Меджадай дернул за шелковый шнур, вызывая слугу, дежурившего в передней. Была уже поздняя ночь, и тот явился заспанный, отчаянно стараясь скрыть сей факт от грозных своих владык.

– Вина и холодного мяса, я голоден, – бросил Меджадай.

Когда легкий ужин был принесен, все трое набросились на еду.

А потом говорили до самого рассвета, до тех пор, пока в распахнутом окне не стало подниматься из моря яркое солнце Чеджудо...


– Я искал их повсюду, но ни одного морлока не нашли мои воины, – так закончил Рогмо свой рассказ.

Он уже третий день гостил в Хахатеге, у наместника Каэтаны, Банбери Вентоттена. Этот славный человек был живым свидетелем недавнего прошлого, которое казалось Рогмо самым прекрасным, что случалось в его жизни. В первый же вечер они с бароном засиделись допоздна, поглощая в неограниченных количествах знаменитый салат, приготовленный по фамильному рецепту Вентоттенов, и вспоминая о своих приключениях.
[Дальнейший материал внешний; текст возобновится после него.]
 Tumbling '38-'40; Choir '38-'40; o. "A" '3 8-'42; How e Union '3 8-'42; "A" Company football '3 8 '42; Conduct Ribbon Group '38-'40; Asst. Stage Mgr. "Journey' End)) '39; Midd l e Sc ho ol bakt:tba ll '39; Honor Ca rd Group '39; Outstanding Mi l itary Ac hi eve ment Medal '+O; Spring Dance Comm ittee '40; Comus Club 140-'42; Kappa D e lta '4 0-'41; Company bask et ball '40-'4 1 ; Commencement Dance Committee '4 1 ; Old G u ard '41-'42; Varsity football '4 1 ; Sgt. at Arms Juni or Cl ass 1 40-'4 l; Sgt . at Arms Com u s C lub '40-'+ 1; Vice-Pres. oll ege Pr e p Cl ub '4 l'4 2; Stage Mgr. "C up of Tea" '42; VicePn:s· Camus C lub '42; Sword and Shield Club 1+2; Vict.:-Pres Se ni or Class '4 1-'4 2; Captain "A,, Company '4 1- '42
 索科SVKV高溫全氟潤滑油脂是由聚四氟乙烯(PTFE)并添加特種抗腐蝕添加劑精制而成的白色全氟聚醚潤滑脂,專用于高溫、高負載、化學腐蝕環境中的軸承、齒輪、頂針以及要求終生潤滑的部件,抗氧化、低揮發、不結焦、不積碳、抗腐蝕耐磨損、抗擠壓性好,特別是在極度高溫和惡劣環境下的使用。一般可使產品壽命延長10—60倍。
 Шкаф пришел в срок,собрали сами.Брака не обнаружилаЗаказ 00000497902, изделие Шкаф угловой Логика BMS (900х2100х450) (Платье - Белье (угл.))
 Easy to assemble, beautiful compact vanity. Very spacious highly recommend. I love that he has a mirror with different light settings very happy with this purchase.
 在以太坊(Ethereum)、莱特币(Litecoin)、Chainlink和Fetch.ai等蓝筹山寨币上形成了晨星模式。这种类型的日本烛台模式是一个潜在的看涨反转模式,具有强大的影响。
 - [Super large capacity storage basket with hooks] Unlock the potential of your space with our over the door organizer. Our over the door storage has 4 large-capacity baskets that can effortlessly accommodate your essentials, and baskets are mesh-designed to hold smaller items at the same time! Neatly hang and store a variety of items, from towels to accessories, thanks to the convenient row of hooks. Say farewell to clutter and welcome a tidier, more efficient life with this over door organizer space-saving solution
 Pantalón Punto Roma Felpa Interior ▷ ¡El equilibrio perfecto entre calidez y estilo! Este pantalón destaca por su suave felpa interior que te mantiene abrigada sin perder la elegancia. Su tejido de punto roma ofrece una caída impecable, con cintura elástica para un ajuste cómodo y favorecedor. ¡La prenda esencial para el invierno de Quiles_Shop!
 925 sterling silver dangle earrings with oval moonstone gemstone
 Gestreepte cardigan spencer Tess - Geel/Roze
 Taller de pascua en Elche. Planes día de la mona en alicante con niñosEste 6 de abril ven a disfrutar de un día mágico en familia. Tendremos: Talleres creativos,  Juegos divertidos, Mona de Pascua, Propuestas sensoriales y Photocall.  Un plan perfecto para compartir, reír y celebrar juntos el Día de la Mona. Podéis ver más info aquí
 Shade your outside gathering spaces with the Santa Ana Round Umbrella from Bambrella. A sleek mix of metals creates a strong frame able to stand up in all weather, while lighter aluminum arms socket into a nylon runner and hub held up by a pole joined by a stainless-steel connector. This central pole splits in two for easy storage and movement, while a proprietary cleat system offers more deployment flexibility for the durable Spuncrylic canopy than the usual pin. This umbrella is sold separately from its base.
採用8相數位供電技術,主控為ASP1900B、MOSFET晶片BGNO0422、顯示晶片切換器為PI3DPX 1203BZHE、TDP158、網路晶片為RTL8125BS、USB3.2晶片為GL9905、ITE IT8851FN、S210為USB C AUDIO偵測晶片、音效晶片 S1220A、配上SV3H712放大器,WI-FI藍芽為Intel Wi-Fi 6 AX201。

Банбери, получивший вместе с наместничеством в Хартуме титул герцога Талламора, с тоской вспоминал о своей гостинице Ноттовей в далеком Ронкадоре, о том дне, когда большой отряд остановился у него на ночлег, о Кахатанне и Бордонкае. Воспоминания его были светлыми и радостными, и даже трагическую гибель сайнанга Эльбескоя он теперь воспринимал как благо, как прощение, дарованное молодому человеку.

– Я очень изменился, дорогой Рогмо, – сказал Вентоттен. – Вот, возьмите эту чашку: горячий шоколад с ванилью и цукатами – это так вкусно, что мировая скорбь моментально покинет вас. Посмотрите на меня, я стал неисправимым оптимистом. Я верю в возможности нашей драгоценной госпожи – она сумеет переиначить любое предсказание. Выше голову, король! Заметьте, что все, что касалось ее, сбылось либо наполовину, либо на треть, а то и вовсе позабылось за ненадобностью.

Ну, сказал какой-то старый ипохондрик, что мир клонится к закату, – и что с того? Пускай себе клонится, главное, чтобы после наступил рассвет. Морлоки – это, конечно, неприятно, однако я уверен, что вы в состоянии покончить с ними раз и навсегда.

– Ваша уверенность вселяет в меня надежду, однако, боюсь, вы ошибаетесь, – ответил король эльфов.

– Меня пугает ваше настроение, – признался герцог. – Не вы ли готовы были умереть только для того, чтобы дать жизнь Вещи? И что же – стоило нашей дорогой госпоже избавить вас от неизбежного, вы начинаете жаловаться на жизнь. А ведь вы живете сверх нормы уже достаточно долгий срок – ну так оправдайте же его. Дорогой Рогмо, я уже немолод и поэтому точно знаю, что не бывает полной безысходности. Не может все быть совсем плохо.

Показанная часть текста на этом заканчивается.